こういった人たちに共通していると感じられることは、以下のようなこと。

 

「自分は特別な人間である」
「自分は他人の下で働くような人間などではない」
「自分は才能がある(それを信じて出世する)」

…まぁこれは僕自身も含まれていたのだが^v^;

 

自慢ではないが、僕の叔父はそこそこの会社の取締役だ。また、亡くなった祖父も大企業の取締役だった。
この他にもフリーランスで活動している人や、小会社の取締役…みたいな人と触れ合う機会も多い。

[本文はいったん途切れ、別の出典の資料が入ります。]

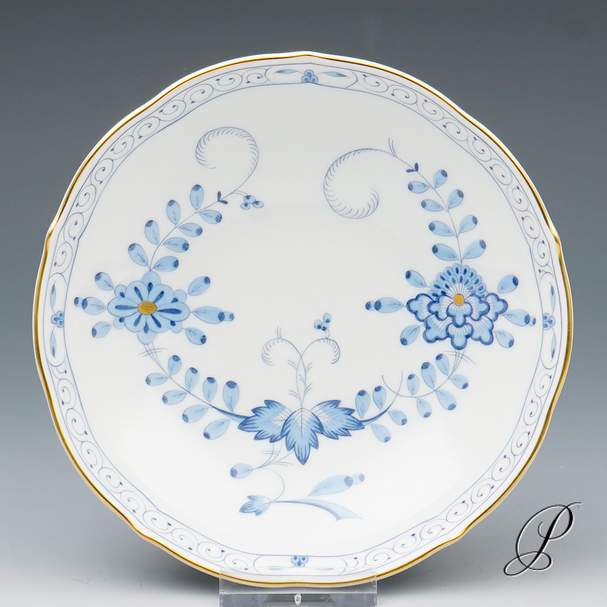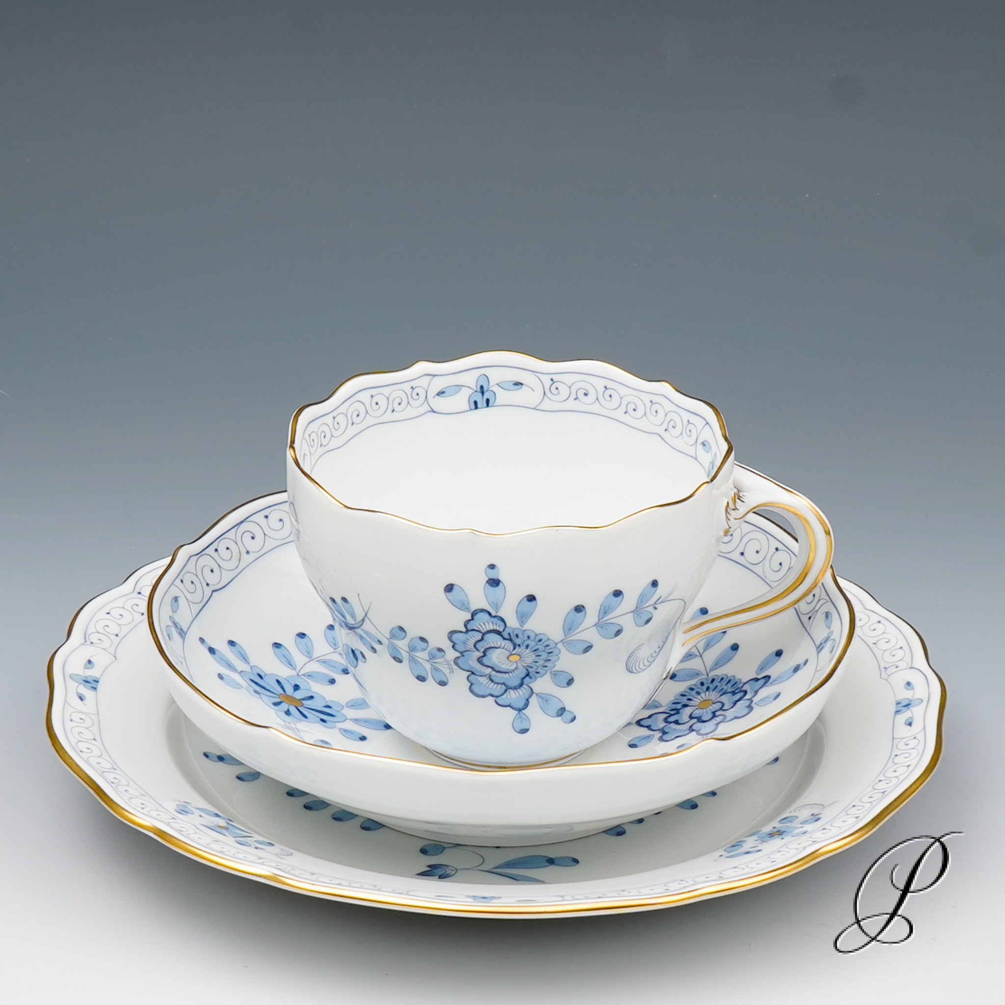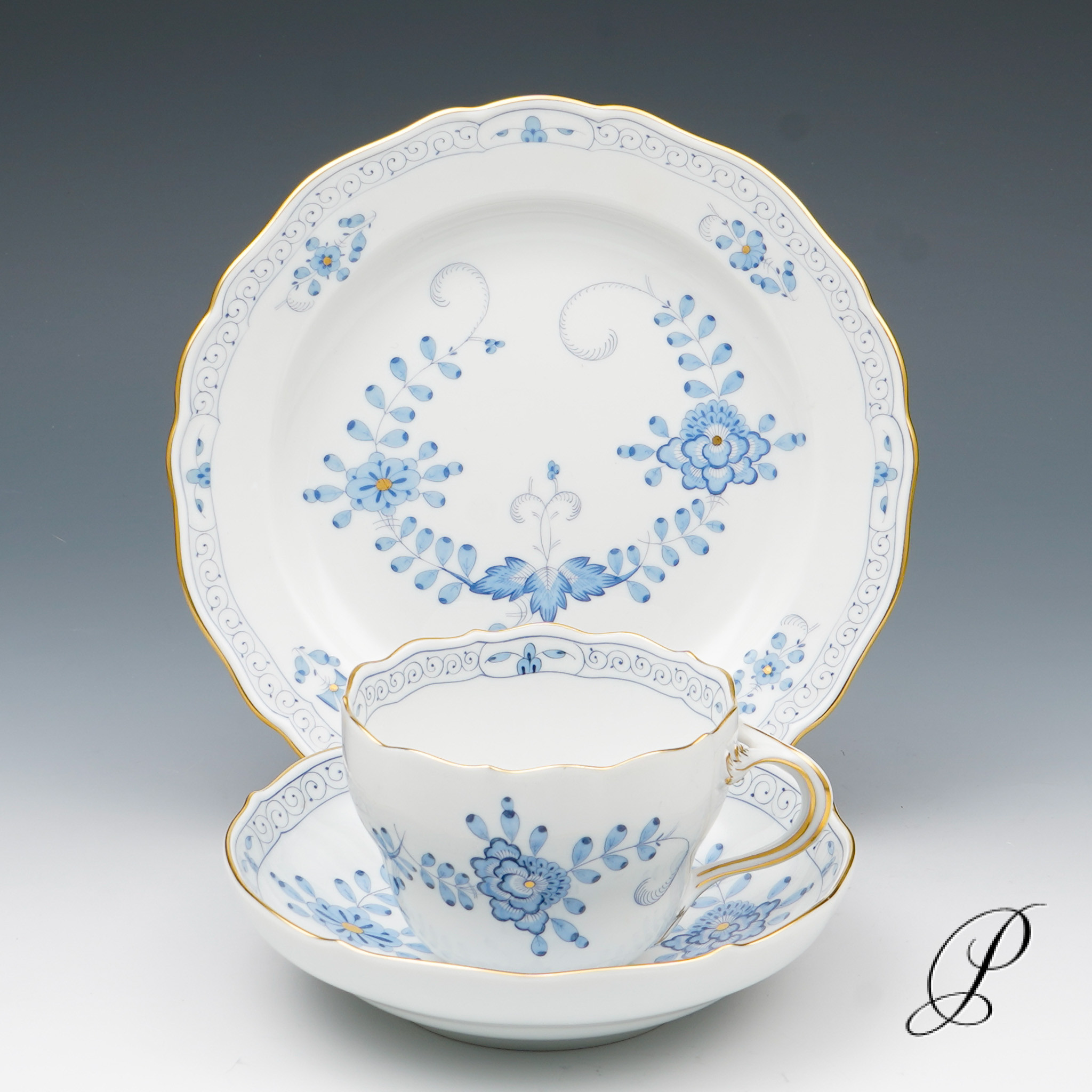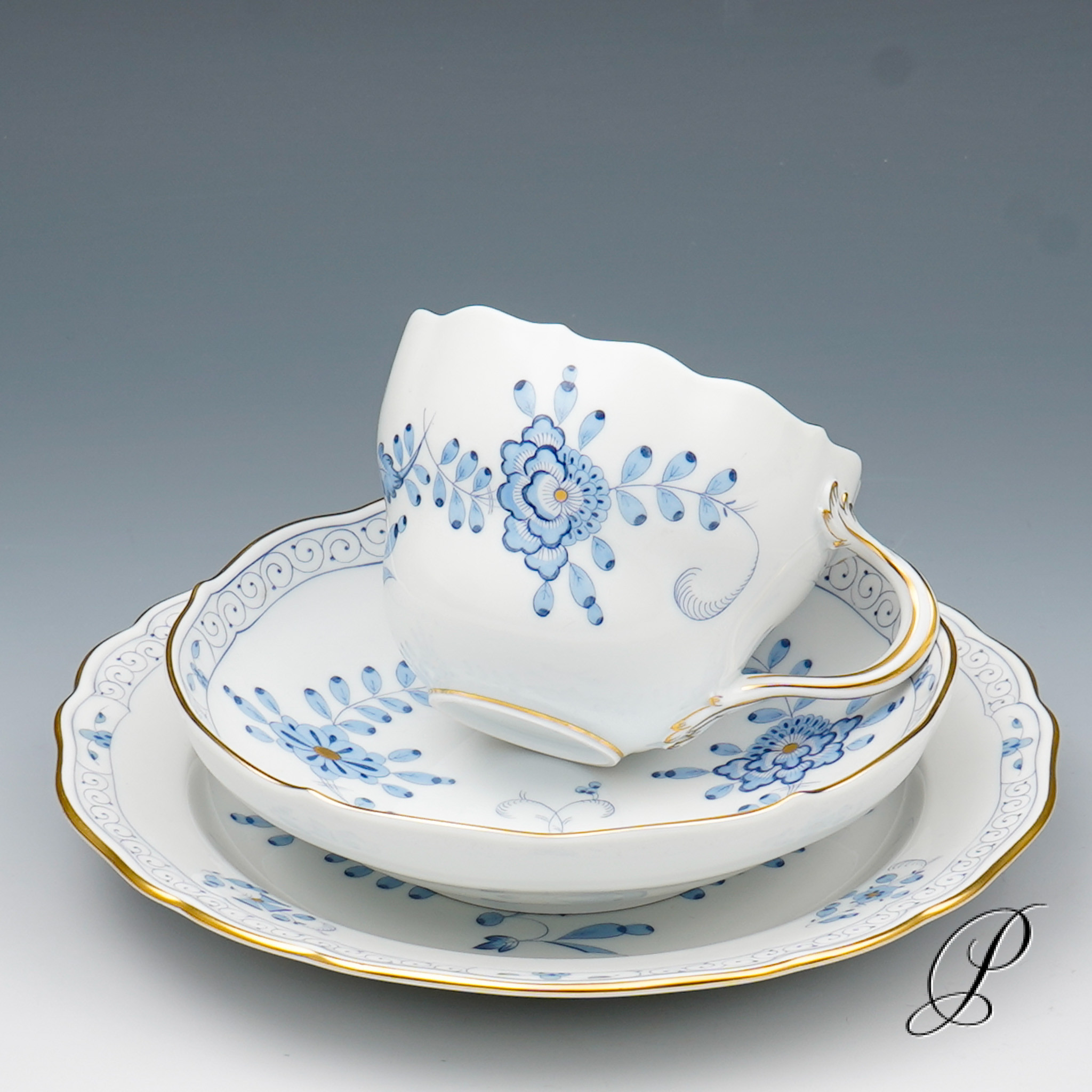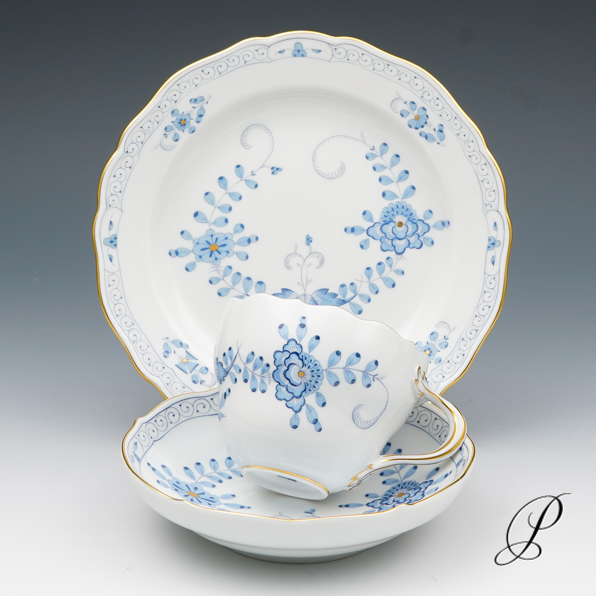 Dekor: Indische Malerei2, mit Kante, hellblau, Goldpunkte und Goldrand. Dekornummer 340210.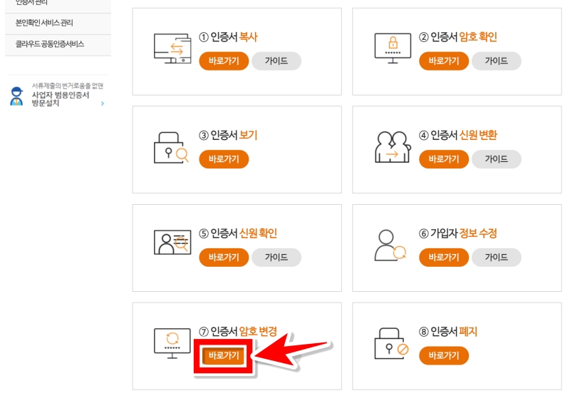 다시 인증서 관리 페이지로 돌아와서, 이번에는 아래쪽에 있는 '⑦ 인증서 암호 변경'의 바로가기 버튼을 선택해 주세요. 방금 확인한 암호를 잊어버리기 전에 바로 변경하는 게 안전하겠죠.

しかし、こういった人たちは少々気難しい人格をしている場合が多く、申し訳ないが、長い時間一緒に過ごしたいと思えるような人物ではなかった。だってすぐ怒るしピリピリしてるし、見栄っ張りでめんどくさいんだもんw

 

—妄想を信じ、自分の才能を信じて結果を出し、社会的ポジションと収入を得ることに成功する。
しかし人格が災いし、家族には見放されるような人間になる—

 

これは僕の祖父のことだが、祖父の生き様を見ていて感じることがあった。
それは、「自分は特別な人間である」という幻想を信じ切って成果を出したとしても、それはまやかしであることに気づけないのであれば、周りにいる人を不幸にしてしまう危険性がある、ということだ。

 

現実と非現実的なことを区別できるほど、脳は器用に作られていないんじゃなかろうか。

テレビ等のメディアが出現してから何年になるだろうか?50年?100年?
100年で人間の世代って何代入れ替わる?1代や2代そこらだよね。

詳しくはわからないけれど、「脳みそってそんな短期間で超絶な進化をするのか?」と考えてみると…って実はまだまだアナログなシステムなんじゃないかと思えてしまう。

 

そりゃ外部の情報と自分の思考を区別できないのは当たり前か…とも考えられる。
現代を生きる僕たちの”脳”について、ついつい「俺たちは最新の脳(思考)をしているんだぜ」と解釈してしまいがち。
でも実は、数百年くらい前から大してアップデートされていないのではないか…と考えてみると、ちょっと頭がモヤモヤしてくる。

 

今を生きる僕たち現代人の脳と、江戸時代の人々の脳は大して進化していない。
そう考えてみると何だか不思議。僕たち現代人は何ら特別でもないし、最新でもなかったりして。

メディア、漫画、ネット、動画、ゲーム、ドラマ…。こういうものに触れすぎると、脳がパニックを起こして「自分は特別な人間である」という幻想に苛まされるてしまう危険性があるんじゃなかろうか。